Deputy Prime Minister Najib Razak argued that there were merely 11 deaths (in the training camps) so far out of a total of 339,186 trainees since the start of the NS programme in 2004 in his attempt to provide justification for the continuation or perpetuation of the NS programme. Such a response, given the parents’ grief, genuine anxiety of other parents and the questionable security procedure of the NS training camps, is callous and insensitive.
Besides, the deaths of these young people cannot simply be reduced to mere digits. We are taking about human lives here.
It is understandable that consequently there had been calls from the general public for the government to halt the NS programme, or at the very least, to suspend the programme for a thorough and critical review.
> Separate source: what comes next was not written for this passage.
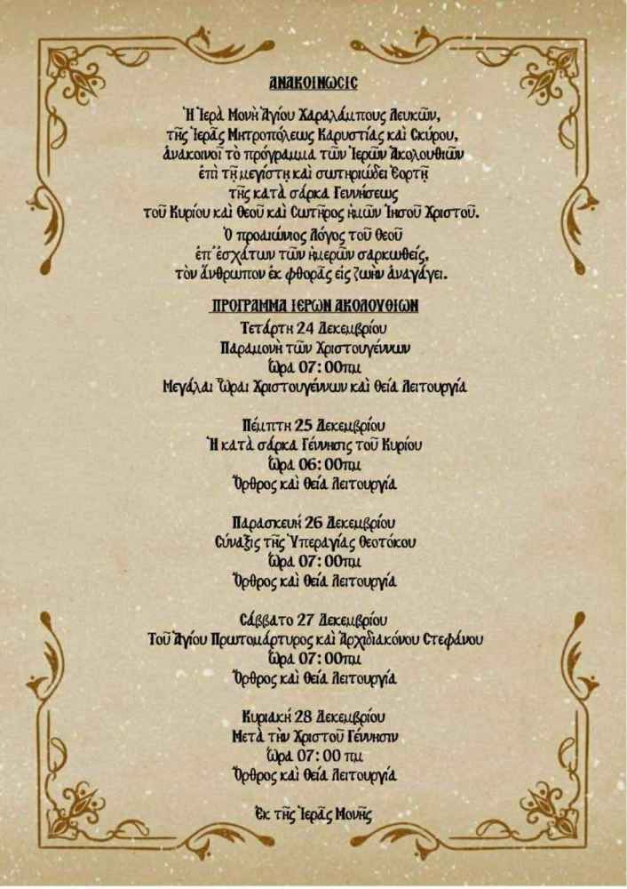 Ανακοίνωση προγράμματος Ιερών Ακολουθιών για τα Χριστούγεννα στη Μονή Αγίου Χαραλάμπους Λευκών!

To be sure, it is in the national interest that concerned citizens had urged the government to put a stop to this NS programme so as to prevent further deaths and also unnecessary wastage to a national programme that had consumed so far some RM2.37bil of the taxpayers’ money. Apart from these unfortunate deaths, certain objectives of the NS programme, such as the aim to promote good ethnic relations among the young, had been questioned because it was felt that these objectives had not been, or may not be, achieved satisfactorily during the short spell of stay in the training camps.
As if adding salt in a wound, even the Parliament’s Deputy Speaker reportedly did not even see it fit or urgent enough to allow for an engaging debate on the death of Too Hui Min. In this regard, one is made to wonder what does it really take to make this issue look ‘sufficiently urgent’ for the firm consideration of the Deputy Speaker? Fifty more deaths? 100?
Or does ‘urgency’ merit attention of the Parliament only after it is considered as such by BN politicians?